PAK transplantation involves kidney transplantation, most frequently from a living donor, followed by subsequent deceased donor pancreas transplantation from a separate donor. PAK transplantation requires two separate operations; there is therefore the inherent risk of undergoing a second course of anesthesia, and the risk of a separate incision. Moreover, the kidney and pancreas allografts will be from separate donors; as a result, the organs may behave independently from an immunologic perspective. Despite this, patient survival is nearly identical to that of an SPK recipient. There are several likely explanations. The PAK transplantation is a shorter operation, and the patient is not uremic at the time of surgery. Also, the patient is already on baseline immunosuppression, which may provide an immunologic advantage. PAK allows one to preempt or shorten the duration of dialysis as well as prevent complications that can occur while waiting for a deceased donor kidney transplant. It is possible to entirely eliminate the second surgery by doing both the living donor kidney transplant and the deceased donor pancreas transplant simultaneously ; this eliminates the need for a second course of induction immunosuppression and potentially may provide the best results. The disadvantage of this approach is the necessity to set up a living donor retrieval operation on short notice and the extra resources required to run an extra operating room, potentially at inopportune times.

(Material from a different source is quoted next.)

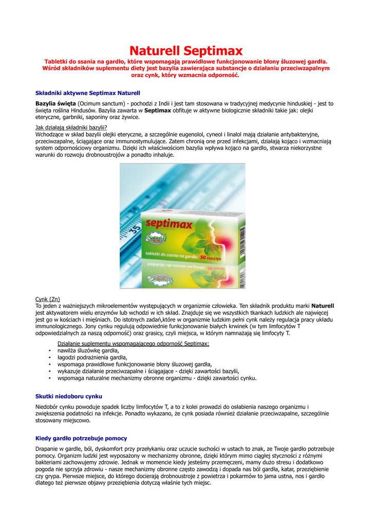 Naturell Septimax Tabletki do ssania na gardło, które wspomagają prawidłowe funkcjonowanie błony śluzowej gardła. Wśród składników suplementu diety jest bazylia zawierająca substancje o działaniu przeciwzapalnym oraz cynk, który wzmacnia odporność. Składniki aktywne Septimax Naturell Bazylia święta (Ocimum sanctum) - pochodzi z Indii i jest tam stosowana w tradycyjnej medycynie hinduskiej - jest to święta roślina Hindusów. Bazylia zawarta w Septimax obfituje w aktywne biologicznie składniki takie jak: olejki eteryczne, garbniki, saponiny oraz żywice. Jak działają składniki bazylii? Wchodzące w skład bazylii olejki eteryczne, a szczególnie eugenolol, cyneol i linalol mają działanie antybakteryjne, przeciwzapalne, ściągające oraz immunostymulujące. Zatem chronią one przed infekcjami, działają kojąco i wzmacniają system odpornościowy organizmu. Dzięki ich właściwościom bazylia wpływa kojąco na gardło, stwarza niekorzystne warunki do rozwoju drobnoustrojów a ponadto inhaluje. Cynk (Zn) To jeden z ważniejszych mikroelementów występujących w organizmie człowieka. Ten składnik produktu marki Naturell jest aktywatorem wielu enzymów lub wchodzi w ich skład. Znajduje się we wszystkich tkankach ludzkich ale najwięcej jest go w kościach i mięśniach. Do istotnych zadań,które w organizmie ludzkim pełni cynk należy regulacja pracy układu immunologicznego. Jony cynku regulują odpowiednie funkcjonowanie białych krwinek (w tym limfocytów T odpowiedzialnych za naszą odporność) oraz grasicy, czyli miejsca, w którym namnażają się limfocyty T. • • • • • Działanie suplementu wspomagającego odporność Septimax: nawilża śluzówkę gardła, łagodzi podrażnienia gardła, wspomaga prawidłowe funkcjonowanie błony śluzowej gardła, wykazuje działanie przeciwzapalne i ściągające - dzięki zawartości bazylii, wspomaga naturalne mechanizmy obronne organizmu - dzięki zawartości cynku. Skutki niedoboru cynku Niedobór cynku powoduje spadek liczby limfocytów T, a to z kolei prowadzi do osłabienia naszego organizmu i zwiększenia podatności na infekcje. Ponadto wykazano, że cynk posiada również działanie przeciwzapalne, szczególnie stosowany miejscowo. Kiedy gardło potrzebuje pomocy Drapanie w gardle, ból, dyskomfort przy przełykaniu oraz uczucie suchości w ustach to znak, ze Twoje gardło potrzebuje pomocy. Organizm ludzki jest wyposażony w mechanizmy obronne, dzięki którym mimo ciągłej styczności z różnymi bakteriami zachowujemy zdrowie. Jednak w momencie kiedy jesteśmy przemęczeni, mamy dużo stresu i dodatkowo pogoda nie sprzyja zdrowiu - nasze mechanizmy obronne często zawodzą i dopada nas ból gardła, katar, przeziębienie czy grypa. Pierwsze miejsce, do którego docierają drobnoustroje z powietrza i pokarmów to jama ustna, nos i gardło dlatego też pierwsze objawy przeziębienia dotyczą właśnie tych miejsc. Pierwsze objawy infekcji Kiedy gardło jest wysuszone - jego naturalne mechanizmy obronne są osłabione i utrudniona jest obrona przed drobnoustrojami. Wówczas bakterie i wirusy atakują najpierw nasze gardło a stamtąd atakują rozprzestrzeniają się na cały organizm. Jakie są pierwsze objawy infekcji? O tym, że drobnoustroje zaatakowały gardło i rozwija się w nim infekcja świadczą objawy taki jak: ból i zaczerwienienie gardła, dyskomfort oraz utrudnione przełykanie. • • • Wskazania do stosowania tabletek do ssania wzmacniających odporność Septimax: podrażnienia gardła i jamy ustnej - uczucie drapania i suchości w ustach, dyskomfort przy przełykaniu, okres zwiększonej podatności na infekcje, stany obniżonej odporności, zwłaszcza w okresie jesienno-zimowym. Jak chronić gardło? Barierą dla drobnoustrojów jest śluzówka gardła i jamy ustnej, jest ona jednak bardzo wrażliwa na niekorzystne czynniki. W okresie osłabienia organizmu oraz zwiększonej ekspozycji na niekorzystne czynniki (zmiany temperatury, wysuszone powietrze, klimatyzowane pomieszczenia itp.) wymaga szczególnej uwagi i pomocy z zewnątrz. Niezbędne jest nawilżanie gardła za pomocą odpowiednich suplementów oraz suplementy zwiększające odporność, które wzmocnią jeszcze naszą ochronę przed infekcjami. Ratunek dla gardła: Septimax - łagodzi podrażnienia, nawilża śluzówkę i wzmacnia odporność Septimax to tabletki na gardło, które dzięki zawartości bazylii bogatej w olejki eteryczne oraz cynku wzmacniającego odporność sprawia, że śluzówka gardła staje się bardziej nawilżona, a jej odporność zwiększona. Dawkowanie : dorośli i dzieci powyżej 12 roku życia: 1-5 tabletek dziennie. Skład preparatu zwiększającego odporność na stres : Substancje czynne SEPTIMAX NATURELL: w 1 tabl. w 5 tabl. bazylia (Ocimum sanctum) 20 mg 100mg w tym olejki eteryczne i żywice 0,4 mg 2mg cynk 1 mg (6,6% d.z.s.*) 5mg (33,3% d.z.s*) • • • • • • • • • Inne składniki odżywki : orbitol (substancja słodząca), mikrokrystaliczna celuloza (substancja wypełniająca), aromat lukrecjowy, skrobia ( substancja wypełniająca), olej rycynowy, hydroksypropylometyloceluloza (substancja do stosowania na powierzchnię), stearynian magnezu (nośnik), aromat miętowy, zawiera substancję słodzącą. www.kulturystyka.sklep.pl

Even today, pancreas transplantation is frequently considered only a life-enhancing rather than a life-saving procedure. However, abundant evidence indicates that, similar to kidney transplantation, successful pancreas transplantation, in the long term, is clearly life-extending in all three recipient categories. The University of Wisconsin published their experience with 1000 kidney-pancreas transplantations with 22-year follow-up. In this report, patient survival following transplantation of both a kidney and a pancreas was dramatically superior to all other options for type 1 diabetic uremic patients, particularly cadaveric renal transplantation and dialysis ( Fig. 126.1 ). Although not evident for the first 4 to 5 years, with the extended follow-up in this particular study, patient survival following SPK was remarkably superior to that of type 1 diabetic uremic recipients undergoing living donor renal transplant alone, supporting the fact that freedom from diabetes has a clear survival advantage. If the patient ultimately comes off dialysis and insulin, there is a greater patient survival advantage compared with remaining diabetic but free from renal failure. This situation would best be accomplished through immediate living donor kidney transplantation if available followed by PAK transplantation. Additionally, if a kidney pancreas recipient receives a living donor kidney, there would be one more standard criteria kidney available for the deceased donor kidney transplant list. A recent study from the OPTN Pancreas Transplant Committee also indicated that the best long-term renal allograft survival was achieved with the combination of a living donor kidney transplant followed by a pancreas.